1

I learned the word worry contains two functions: one is as a transitive verb and the other is an intransitive verb.

However, in this two sentences, (from TOEFL)

  1. People have a variety of factors in their lives that cause them to worry, such as school, jobs, and personal relationships.

  2. Even during times when I was not actually studying, I found myself worrying about the tests and I was unable to completely relax.

I thought worry is a transitive verb, it must not go with preposition, such as about, whereas as an intransitive verb, it should involve preposition.

And I thought the worry in the first sentence is a transitive verb because it has object; a variety of factors in their lives. Thus, I agree with this sentence has no preposition.

However, in second sentence, I thought worry is a transitive verb since it has object: the test. Then why preposition about is there if worry in that sentence is a transitive?

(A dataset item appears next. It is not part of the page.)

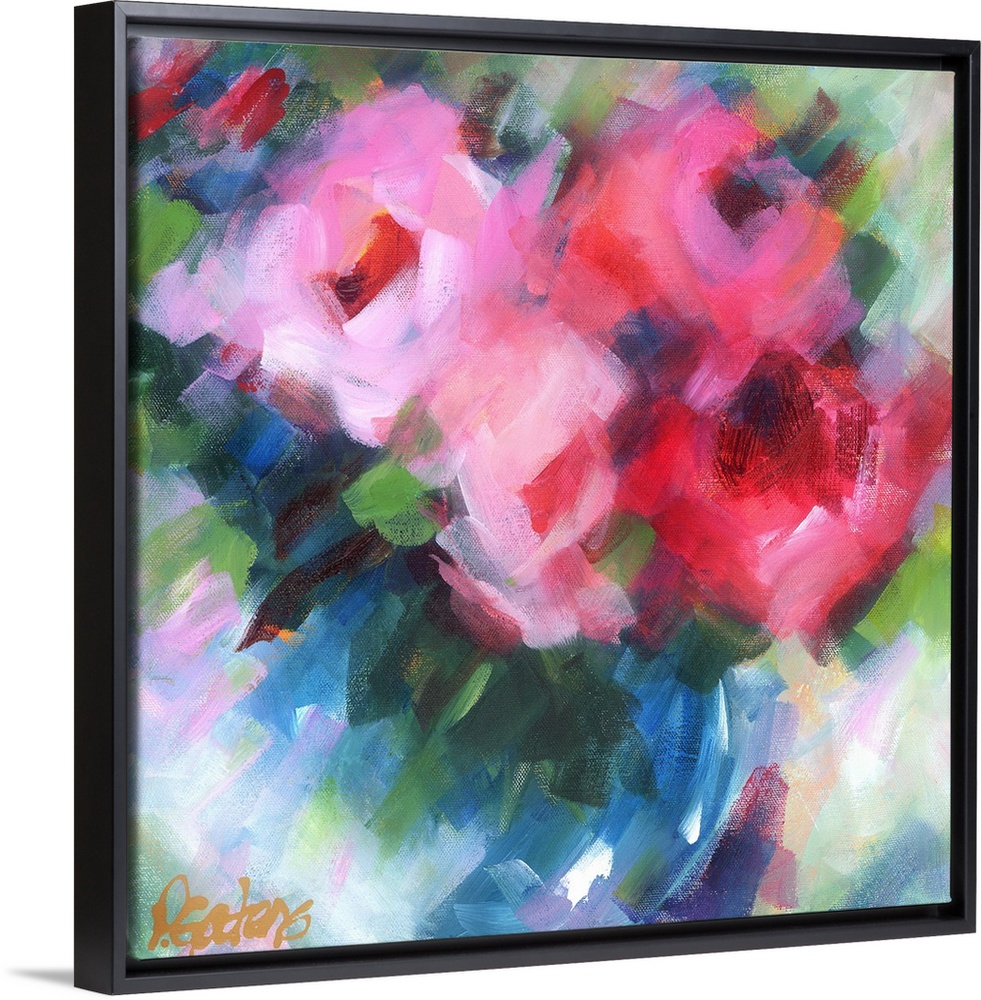 <p>A square abstract painting of bright pink flowers.</p>

Or does this word function as an intransitive verb? if so, why an object the test is there?

1

It seems that nobody is going to answer, so let me try. It's a bit difficult too for me to understand the difference but let me simplify your example.

I think that we can represent the same meaning with two different structures.

(1) The future worries me

(2) I worry about the future

According to Cambridge Dictionary

In the first case, we got

worry [TRANSITIVE]

to make someone feel unhappy and frightened because of problems or unpleasant things that might happen

In the second case, we got

worry [INTRANSITIVE]

to think about problems or unpleasant things that might happen in a way that makes you feel unhappy and frightened

Let's take a look at Oxford Dictionary

Feel or cause to feel anxious or troubled about actual or potential problems.

[no object] he worried about his soldier sons in the war

[with object] there was no need to worry her

Feel [INTRANSITIVE]

Cause to feel [TRANSITIVE]


Knowing all this, let's return to your example

People have a variety of factors in their lives that cause them to worry

[Simplifying] A variety of factors worry them. [TRANSITIVE]

I found myself worrying about the tests

[Simplifiying] I worry about the test [INTRANSITIVE]

about the test is NOT the object, it is a prepositional-clause.